I tried all possible ways to make our relationship work, but i guess, I failed. I tried to show that I do care about you, and I hope you knew that I am an action-oriented person. I don’t say nice words, write nice things, but if you take it, you will realize that I am not that bad.
I am so sorry that I have weird theory on friendship – no friends forever nor enemy forever. I really wish you wouldn’t be the one who proves my friendship theory right again. If do, I am so sorry that I have to categorize you as one of them.

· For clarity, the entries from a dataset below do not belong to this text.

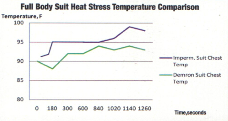 實驗條件:工作人員身穿不同防護服,以3.5英里/小時的速度在跑步機上慢跑10分鐘后測量全身防護服的溫度。藍色曲線代表通用防護服,綠色曲線代表使用Demron材料制成的防護服。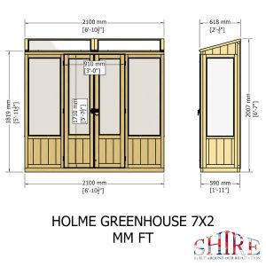 7×2 Shire Holme Wooden Mini Greenhouse Toughened Glass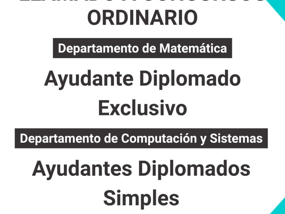 Ayudante Diplomado con dedicación Simple, para desempeñarse en los cursos presencial, semipresencial y virtual de IVU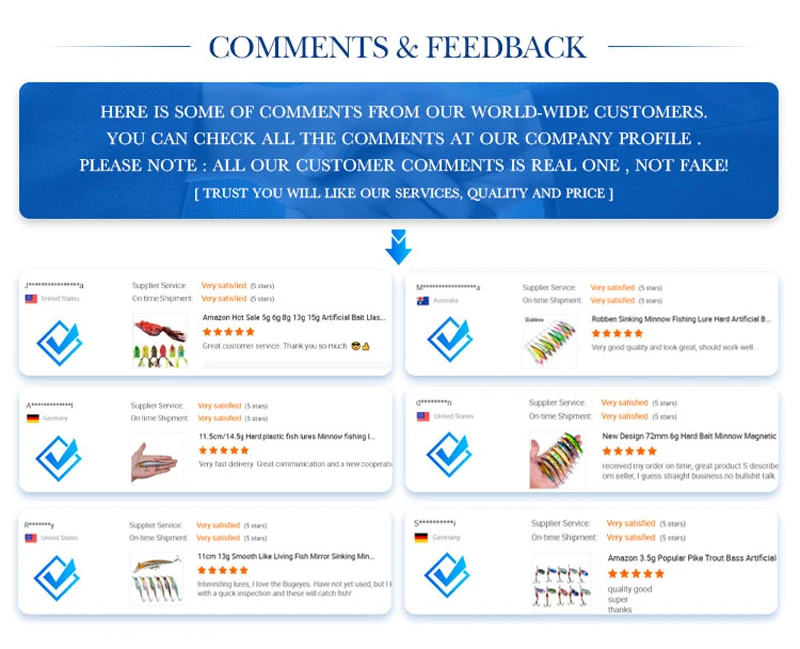Free Sample: We are very willing and support our customers to test the quality of our products. As long as you are a fishing business Partner, we can provide Free Samples for you. (Not included Shipping Fee)
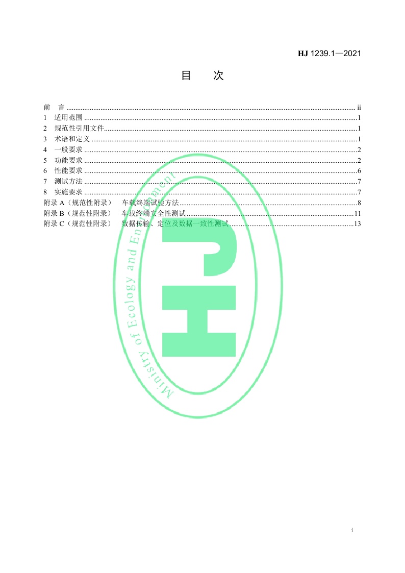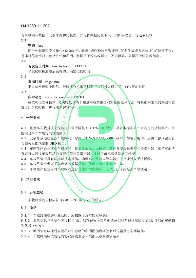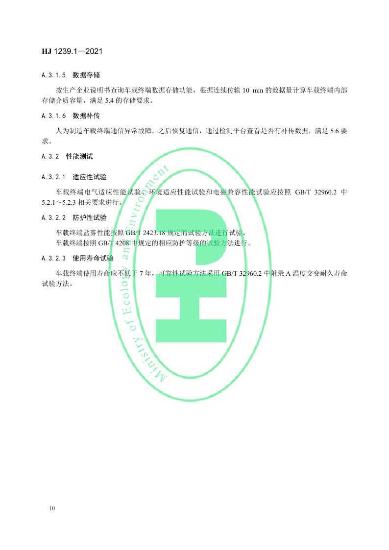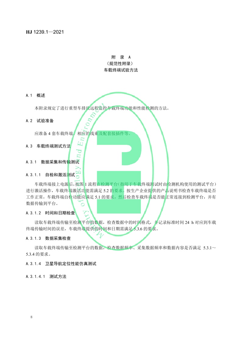 《重型车排放远程监控技术规范第1部分:车载终端》(HJ 1239.1—2021)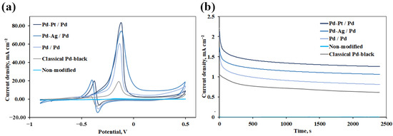 The catalysts synthesized on the surface of the Pd electrode had a sufficiently high activity and demonstrated the following peak current densities: for Pd-Pt/Pd—up to 83.51 mA cm−2, for Pd-Ag/Pd—up to 73.62 mA cm−2 and for Pd/Pd—up to 60.39 mA cm−2. The classical Pdblack/Pd particles had a significantly lower activity of 18.94 mA cm−2. Such an increase in the catalytic activity of bimetallic catalysts most likely may be due to the synergistic effect of the secondary metal (silver or platinum), which also inhibits the poisoning of catalyst active sites more efficiently than the monometal [48,49]. In addition, the initial potential of the Pd-Pt/Pd (up to −0.26 V) catalyst is more negative than for Pd-Ag/Pd (up to −0.25 V), Pd/Pd (up to −0.24 V) and Pdblack/Pd (−0.23 V). A more negative shift for the initial potential indicates that methanol can be easily oxidized and CO intermediates forming during methanol oxidation can be easily removed [50]. An initial potential with a more positive shift indicates less adsorption of methanol on the catalyst surface due to highly adsorbed carbonaceous species, which in turn leads to a decrease in the current response at a certain potential.

No self-praise, but I believe that I seldom disappoint my friends. I tried my best to be sincere, but I can also be the worst friends if I think you are not worth of my sincerity and effort. Why would you want to make such an angel person to an evil?
I do feel very awkward whenever I see you. SUPER AWKWARD. Maybe it’s only me. But, I am pretty confident of my feelings. I know that you feel the same way too. Every time we see each other, you will give me a poker face even you were smiling sweetly in the previous second. I have no idea since when you never look into my eyes when we are talking to each other. You go away, you look away, so, you think that’s what I am worth for, from you? That’s really sweet.
C’mon, my dear friend. Please don’t take my kindness for granted. I am a nice person. I am a sweet person. I am a thoughtful person. I am a caring person. But, these only apply to people who are worth of my kindness. I don’t let everybody get close to me, nice to me, care for me, hug me, touch me, and say nice words to me. Please also remember that whenever you take something from this world, you have to give something. That’s why I normally take after multiple thoughts.
That’s what we call a fair world.
I don’t like hypocrite. And, you do not have to hide or pretend yourself when you are dealing with me. Don’t forget what my field is, plus I am a very sensitive person. I trust my feelings a lot. If you care about me, but you don’t show anything, it still means nothing to me. Saying without action = nothing to me.
I am sorry if this is still harsh for you. I have told you, I don’t say nice words to true friends. I help my friends discover their inner self for free. If you want me to say nice things, please don’t be my friend. My words are hurtful, but definitely useful.
Anyway, so far I still admire your talent and your passion. As long as you keep both maintain or up to another level, I will still look up to you.
Thanks for being so unapproachable. Wish you had a good life and future.